When we work with our clients, we always try to think of new ways to help get the key message across and make a bigger splash. Some of our suggestions might require more time and resources, and may make you a little nervous at first, but it’s these big ideas that we encourage you to implement. Remember – big ideas can bring big rewards.

Set Up a Microsite

Creating a website is no small task. And even though “microsite” technically means “small site,” the payoff of creating one can have a big impact. A microsite is a unique web page (or pages) that highlights a particular event, issue, campaign, case – basically anything you want to draw specific attention to. It’s a customized page with a unique URL that is separate from your firm’s main home page and can stand alone for parties interested in just one specific issue. It gives you the opportunity to have a control center for all news and information related to a specific issue, which can make it easier for your clients and the media to find the info they are looking for.
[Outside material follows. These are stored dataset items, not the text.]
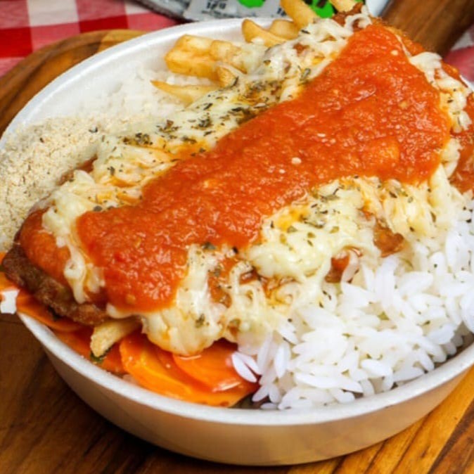 Suculento bife empanado, coberto com molho de tomate caseiro e uma generosa camada de queijo gratinado, acompanhado de espaguete al dente mergulhado no mesmo molho especial. Uma explosão de sabor que une tradição e conforto em um prato completo!
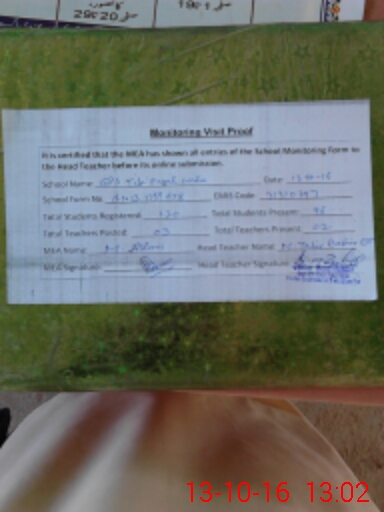 | Attendance Register | Head Teacher | MEA with School | Visit Proof |
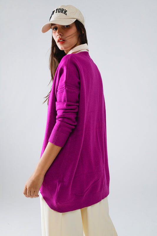 Pull oversize à col ras du cou et à manches longues en fuchsia
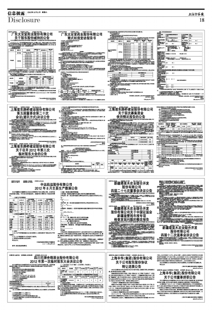 2012年9月7日,广东太安堂药业股份有限公司(以下简称“公司”)收到公司持股5%以上股东汕头市华宇投资控股有限公司(以下简称“华宇投资”)减持公司股份的通知,华宇投资于2012年8月22日至2012年9月6日以集中交易和大宗交易的方式累计减持公司无限售流通股股份4,950,000股,累计减持股份占公司总股本的4.95%。具体减持情况如下:
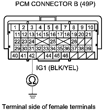 43. Check for continuity between PGM-FI main relay 1 4P connector terminal No. 2 and body ground.

Consider the recent Domino’s Pizza campaign – “Show Us Your Pizza.” It has a unique web page that is clearly intertwined with the Domino’s brand, but focuses on only one of the company’s many campaigns and offerings.

Get In Front of the Video Camera

If a picture is worth a thousand words, a video is worth double that. Capturing video during events, presentations, demonstrations and even day-to-day activities can bring your reputation to the next level and provide a memorable and visual link to your firm and brand. Quality matters when it comes to video, so depending on the purpose of the video, investing in either reliable equipment or an experienced videographer can ensure that your videos are viewed – and viewed frequently. For example, if you want to capture footage from an event, having a durable hand-held video camera with a good zoom feature should suffice. But if you’d like to create a video for your website that includes client testimonials and requires advanced editing, it would be wise to hire a professional. Either way, utilizing video and the Internet (sites such as YouTube or Vimeo) will benefit your brand-building efforts.

Utilize the Mobiles

Next time you’re on the train, count how many people are using their mobile phones. I’d bet a lot of money that at least one person is. With all the smart phones out there nowadays, there is a high demand for mobile applications and mobile web browsing. Mobile marketing is the next step in the grand marketing scheme of things. We’ve gone from delivering messages in print, radio, television, Internet, billboards and now, you can disperse your brand message directly to cellular phones. You can effectively utilize mobiles by making sure your website is mobile-friendly so anyone can easily and conveniently access it on the road. You can also use or create mobile applications and send text messages to personalize your connection and send quick updates with vital information, “from the trenches” event updates or legal industry news. Really, how much closer can you get to potential clients than being inside their pockets and purses?

Summer cleaning

Tom Ciesielka is President of TC Public Relations (www.tcpr.net). Tom has over 25 years of marketing and public relations experience, working with individual lawyers and mid-sized law firms. He is also a former board member of the Legal Marketing Association in Chicago and has spoken at Chicago Bar Associations CLE programs.  Reach him at tc@tcpr.net.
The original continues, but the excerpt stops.